─── Records to process ───

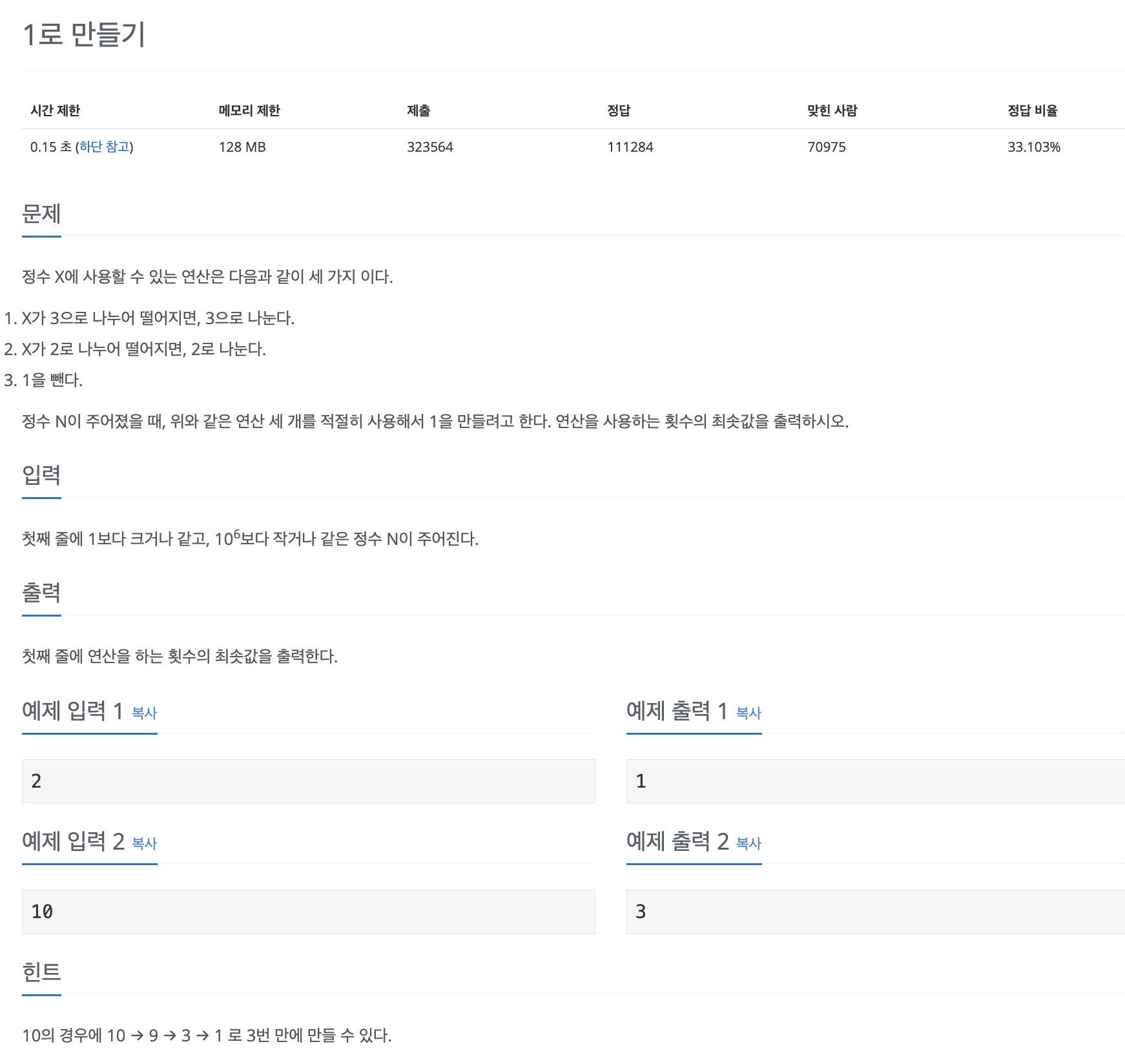 10->1 의 최솟값 = (9->1의 최소 연산 횟수 +1, 5->1의 최소 연산 횟수 +1)의 최소값
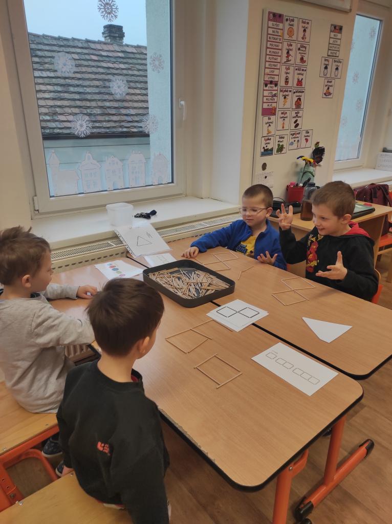 s geometrickými tvary pomocí dřívek a s intuitivním
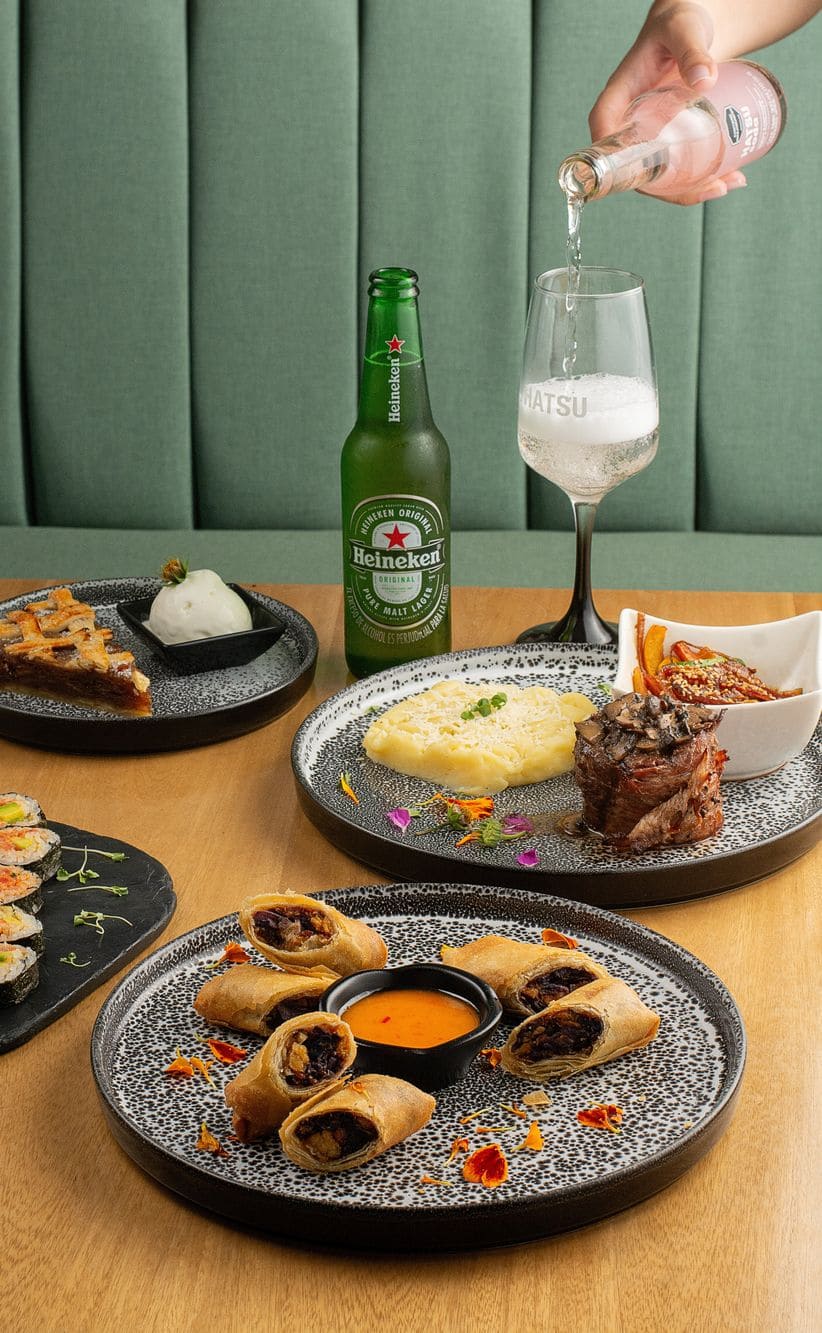 - Spring Roll dePollo: Crujientes por fuera, suaves por dentro. Rollos primavera rellenos de pollo jugoso y verduras frescas salteadas en aceite de ajonjolí. Una entrada ligera y llena de texturas que abre el apetito con un toque asiático inconfundible.
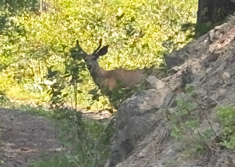 I set up the RV for the family up in Plain and went for a exploration ride this morning at the Leavenworth Ski Hill. After parking in the main lot and gearing up, I began the climb up the NUT to the summit views I wanted. First, I took the roads up to the Punk Rock Lookout hoping to see a parasailer launching but no one was up there midweek. I got my views of both sides of the ridge and then headed back down to climb back up the roads to the summit just North of Tumwater Mountain. I almost hiked up the trail to the top of Tumwater, but I wanted an “MTB only” trip as best as possible. Near the top of the second summit I caught a husband and wife couple grazing and got the report image of the husband while the wife took off. :-)
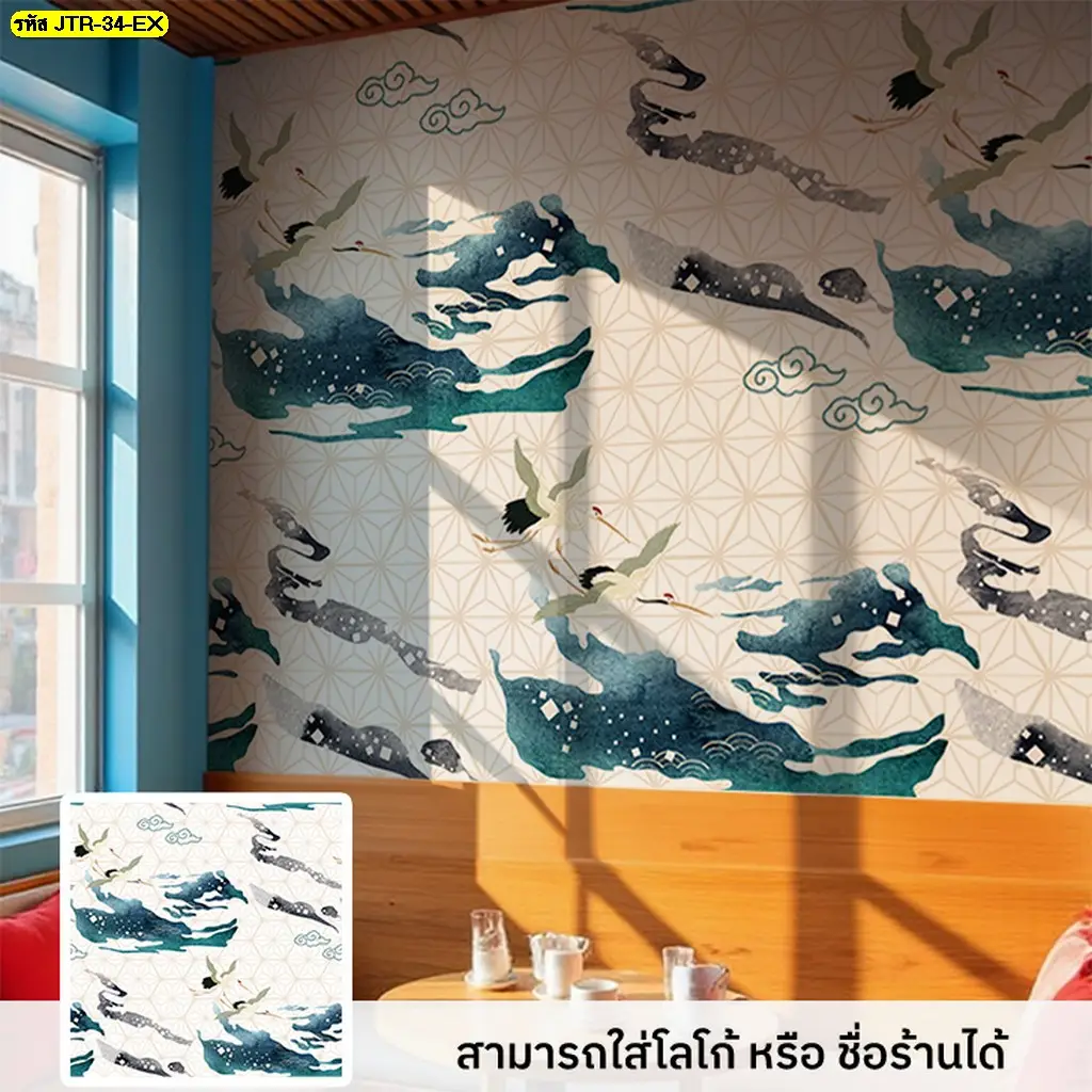 รับพิมพ์วอลเปเปอร์ วอลเปเปอร์ตกแต่งร้านอาหารญี่ปุ่น วอลเปเปอร์ลายนกกระเรียน วอลเปเปอร์ลายปลาคราฟ จัดส่งทั่วไทยและต่างประเทศ

───

* _About this exercise_: Skip every picture. Repeat word for word the lines from the line holding "I set up the" through the end of the entries above.

* _Result of this task_:
 I set up the RV for the family up in Plain and went for a exploration ride this morning at the Leavenworth Ski Hill. After parking in the main lot and gearing up, I began the climb up the NUT to the summit views I wanted. First, I took the roads up to the Punk Rock Lookout hoping to see a parasailer launching but no one was up there midweek. I got my views of both sides of the ridge and then headed back down to climb back up the roads to the summit just North of Tumwater Mountain. I almost hiked up the trail to the top of Tumwater, but I wanted an “MTB only” trip as best as possible. Near the top of the second summit I caught a husband and wife couple grazing and got the report image of the husband while the wife took off. :-)
 รับพิมพ์วอลเปเปอร์ วอลเปเปอร์ตกแต่งร้านอาหารญี่ปุ่น วอลเปเปอร์ลายนกกระเรียน วอลเปเปอร์ลายปลาคราฟ จัดส่งทั่วไทยและต่างประเทศ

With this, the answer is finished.